Price. In the current soft real estate market, everything boils down to establishing the right price. Fair market value. Miss the mark and you’ll exclude likely buyers who would have otherwise looked at, and possibly written an offer on your home. Many sellers want to ‘nudge’ or pad the value by as much as 1%-2%. Even in a soft market it’s possible, although not likely, to find a buyer who is willing to pay a ‘padded’ asking price.
In Fairbanks 85% of home buyers finance their home purchase. Unless your buyer is one of the 15% who doesn’t plan to finance their purchase, a property appraisal will be ordered by the lender. Appraisals are used to verify that the property value is sufficient to cover the loan amount in the even the buyers default. Appraisals are simple an individuals opinion of value of the property at that specific moment in time. Query a dozen different appraisers and you’ll likely receive at least as many opinions as to a property’s value.

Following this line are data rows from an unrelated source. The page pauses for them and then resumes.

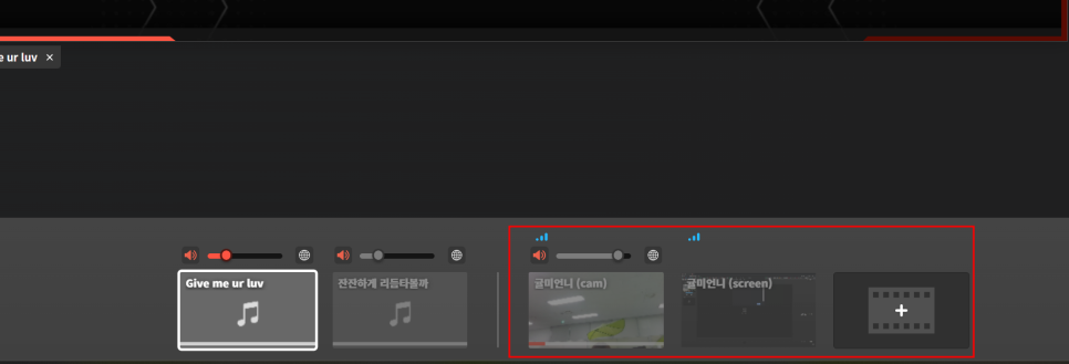 노트북 화면공유 스트림을 추가해 놓았는데요.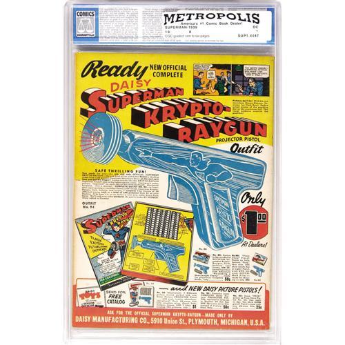 <B>Superman #10 (DC, 1941) CGC VF 8.0 Cream to off-white pages.</B></I> Co-creator Joe Shuster is understandably the artist primarily associated with the earliest issues of this title, but Fred Ray actually was responsible for more covers during the first 20 issues, including this one. On a more fashion-oriented note, Lex Luthor makes his fifth appearance here, and his first without hair, a look that he's maintained to this day. (Way to stick with a hairstyle, Lex.) CGC notes, "Name stamp on interior cover. Moderate tanning to interior front and back covers." Overstreet 2006 VF 8.0 value = $1,994. CGC census 7/06: 3 in 8.0, 6 higher. <BR><BR><B>Important notice:</B> Heritage usually auctions material at the rate of 200-250 lots per hour. On some occasions eBay Live bid software or the Internet may not be able to keep up with the pace of the auction. We recommend placing a realistic absentee bid now as insurance to avoid disappointment. Occasionally the auctioneer may eliminate or reject an eBay Live bid, and the auctioneer may also reopen a lot after the close of the eBay live bidding (usually because we missed an audience bid), and may reject your bid even if it shows you as the winning bidder. By bidding via eBay Live, you agree that Heritage may award the lot to another bidder at its sole discretion under the circumstances described above or any other reasonable circumstances. Since eBay bids are not shown to us until we open the lot on the floor, we treat those bids just like floor bids. In most cases the floor responds before the eBay bid is presented to us, due to Internet lag time, so for consistency we have made it a policy that floor bids are always considered first over tie eBay live bids. Also please note that all Heritage lots purchased through eBay Live carry a 22.5% Buyer's Premium. Please make sure you read the Terms and Conditions before you bid. This lot is being auctioned in conjunction with a live floor auction by Heritage Auction Galleries. All final auction and invoice information will be supplied by Heritage Auction Galleries, and all other information should be considered preliminary. Lot:41001 <BR><BR><B>Winning Notification and Billing:</B> After the FINAL session in this auction is complete, Heritage will send e-mail and snail mail invoices. This process normally takes several days. All final auction and invoice information will be supplied by Heritage Auction Galleries, and all other information should be considered preliminary. <BR><BR>This auction will be conducted on a live auction floor and over the Internet through eBay Live. If you choose to place an absentee bid, please take a moment to <font color='#0000ff'><u><a href='http://pages.ebay.com/liveauctions/help/before/laabsentee.html'>learn how eBay Live absentee bidding works</a></u></font><font color='#000000'>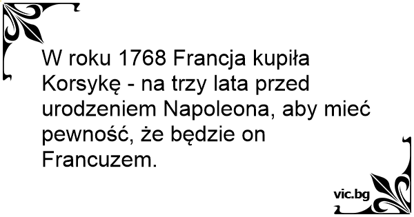 W roku 1768 Francja kupiła Korsykę - na trzy lata przed urodzeniem Napoleona, aby mieć pewność, że będzie on Francuzem.

Appraisers review recent comparable sales of homes of similar size, age, amenities and general condition. Adjustments are then made to each comparable property to make it more closely resemble the property being sold.
Since lenders base their loan ratios off the property appraisal, a low appraisal can create issues for everyone involved. If an appraisal comes in low, most appraisers will call to find out what comparable sales were used in establishing the asking price. If they haven’t used them in the analysis, and they deem them to be comparable properties, the appraiser will include them and reevaluate the final adjusted value. If the appraised value doesn’t meet the sales price there are a couple of options:
• Provide the comparable sales to the lenders underwriter for an internal review. If the underwriter feels the appraiser is off the mark, they have the ability (in Alaska) to adjust the appraised value by as much as 3%.
• Request that another appraiser review the appraisal and adjustments.
• Order a new appraisal; it could be worth the $500 appraisal fee. (not an option on VA guaranteed loans)
If the appraiser can’t meet the sales price and the underwriter won’t adjust the value, sellers are left with few options:
• Have the buyer pay the difference between the apprised value and the sales price.
• Reduce the sales price to the appraised value.
In the end, if the buyer and seller can’t find common ground with respect to the sales price, the purchase contract becomes null and void and, unless the appraisal contingency was waived, the buyer is entitled to a refund of their earnest money deposit. The seller is then free to remarket the property. Sellers would be well advised to take the emotional attachment to the property out of the equation and rationally evaluate their options before automatically dismissing a buyer and a low appraisal.